Testimoni - gennaio 2007
Con quasi 20mila membri, la Compagnia di Gesù è uno degli ordini religiosi più numerosi al mondo. In questa rubrica, Popoli presenta i profili di gesuiti particolarmente impegnati nella promozione della giustizia, nel dialogo interreligioso, nell'annuncio del Vangelo.

Cedric Prakash

In India, dove è alta la tensione tra hindu e musulmani, l'impegno per la riconciliazione può significare la notorietà internazionale, ma anche una vita sotto scorta

Indiano, 54 anni, Cedric Prakash è diventato gesuita a metà degli anni '70. Nella sua città, Ahmedabad in Gujarat, Stato nord occidentale dell'India, ha fondato nel 2001 Prashant, un centro per la difesa dei diritti umani dei gruppi minoritari presenti nello Stato (cristiani, islamici, tribali). Un impegno decisamente controcorrente in questa regione, tristemente nota per le violenze interreligiose avvenute nel 2002: in quell'occasione, la persecuzione della minoranza musulmana da parte della maggioranza hindu - fomentata dalle fazioni fondamentaliste che considerano l'India una terra sacra per l'induismo - causò la morte di circa 2mila musulmani.

Dal giorno dei pogrom anti-islamici, il gesuita di Ahmedabad si è dedicato anima e corpo alla difesa delle vittime che non hanno ancora ricevuto né giustizia né alcun tipo di indennizzo. Per questo negli anni scorsi padre Prakash si è recato negli Usa per testimoniare di fronte alla Commissione per la libertà religiosa nel mondo: «Da quel giorno - ha ammesso egli stesso - sono cessate, almeno un poco, le violenze in Gujarat».

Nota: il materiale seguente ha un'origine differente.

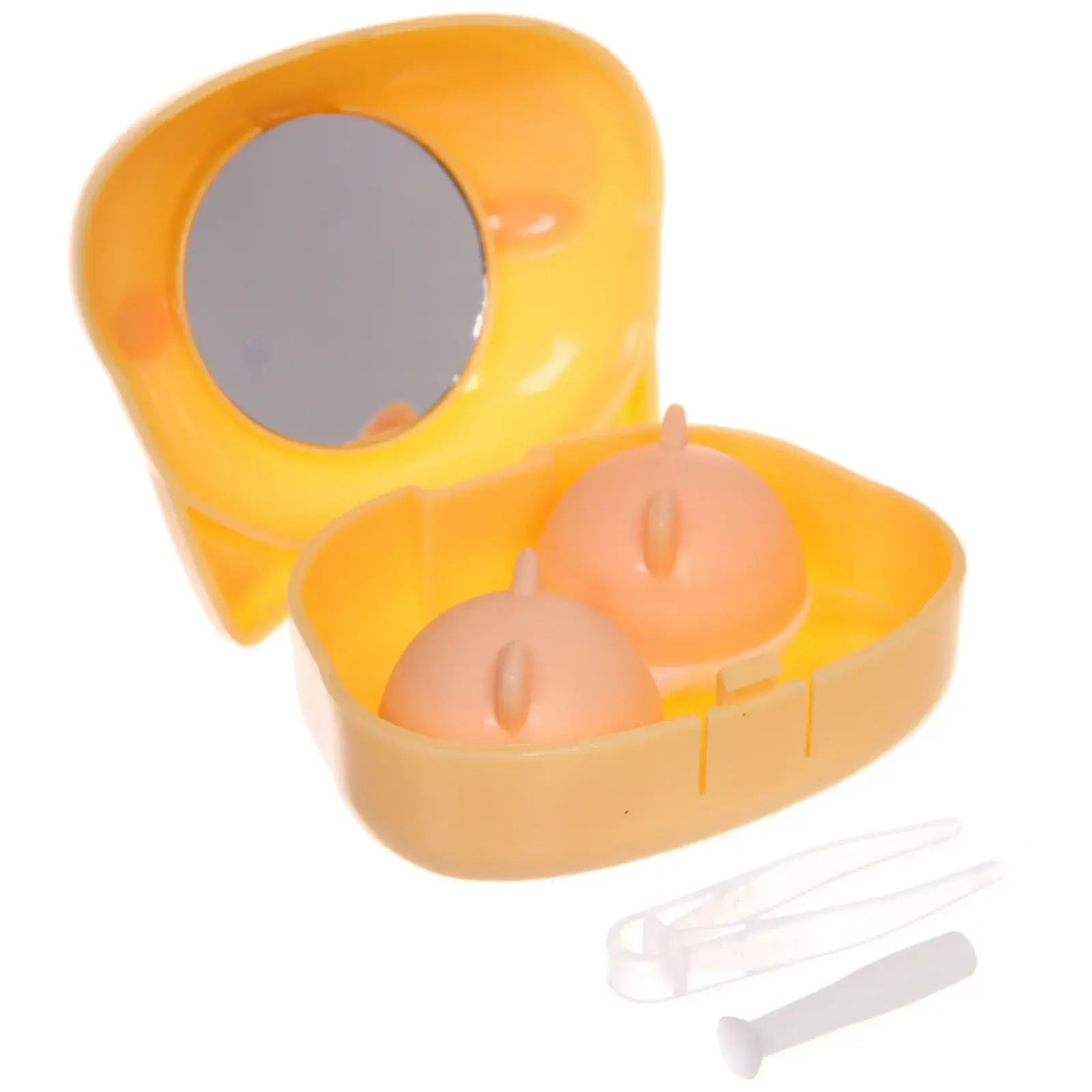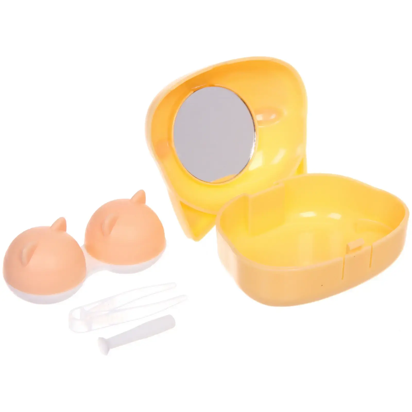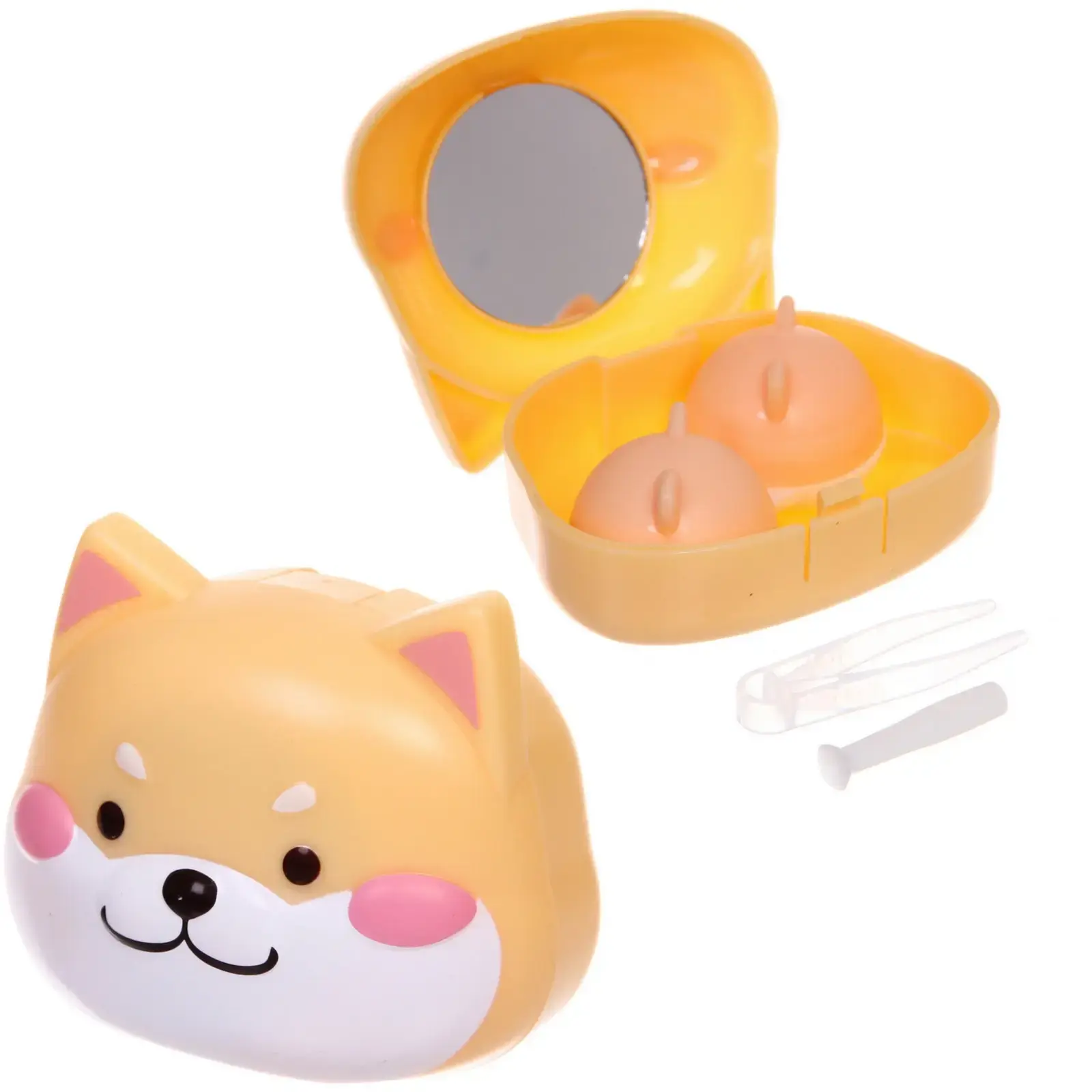 Контейнер выполнен в ярком желтом цвете с милыми чертами собаки, что делает его привлекательным для пользователей всех возрастов. Внутри контейнера находятся два пудровых линзовых контейнера, а также пинцет и специальный инструмент для извлечения линз. Все элементы набора легко очищаются и могут использоваться многократно.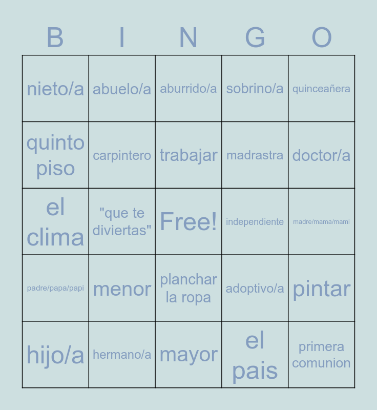 This bingo card has a free space and 24 words: menor, hermano/a, trabajar, hijo/a, quinceañera, nieto/a, quinto piso, abuelo/a, independiente, planchar la ropa, madrastra, el clima, adoptivo/a, pintar, carpintero, el pais, madre/mama/mami, aburrido/a, doctor/a, "que te diviertas", primera comunion, padre/papa/papi, sobrino/a and mayor.

Ma non per lui: molte sono state le minacce di morte pervenutegli e a causa della sua azione deve vivere sotto scorta. A chi gli fa notare che essa contrasterebbe con l'essere sacerdote, risponde: «Molte persone che mi criticano sarebbero ben contente di vedermi confinato tra le quattro mura di una chiesa. Ma questo non è ciò che Gesù è venuto a fare e a predicare, né ciò per cui è stato ucciso».

Sulla difesa delle minoranze emarginate e perseguitate si concentra la missione di padre Prakash, che nel 2006 ha ricevuto due importanti riconoscimenti: la Legione d'onore, da parte del presidente francese, Jacques Chirac, e il Minorities Rights Award, da parte della Commissione nazionale indiana per le minoranze.

La passione civile di padre Prakash, del resto, ha radici profonde: «L'inizio del mio coinvolgimento in questo campo - spiega - risale al periodo dei miei studi universitari, quando facevo parte di un movimento di studenti gesuiti chiamato All'India Catholic University Federation. Poi, la mia entrata nella Compagnia coincise con la 32ª Congregazione generale che diede l'indicazione per un forte impegno in favore della giustizia basato sulla fede, un momento che ebbe forte influenza sulla mia formazione».

Come attivista, considera l'impegno missionario della Chiesa in maniera «integrale»: «Il primo compito è l'evangelizzazione: portare il Vangelo significa condividere con tutti il messaggio di giustizia, amore e pace che Cristo ha portato. E questo va fatto non solo a parole, ma nel concreto della vita, impegnandosi per la verità a difesa degli emarginati».

Una passione riconosciutagli anche dal presidente dell'India, che nel 1995 gli conferì il Premio Kabir

Puraskar per riconoscere la sua volontà di «promuovere la pace e l'armonia etnico-religiosa nel Paese». Dopo essersi dedicato alla protezione delle vittime delle violenze del 2002 ora per padre Prakash si è aperto un nuovo fronte di battaglia, pacifica s'intende: la legge «contro» la libertà religiosa approvata dal governo del Gujarat guidato dai nazionalisti hindu, dove - ha dichiarato il padre gesuita - la persecuzione contro i cristiani e i musulmani è condotta «con una regolarità terrificante».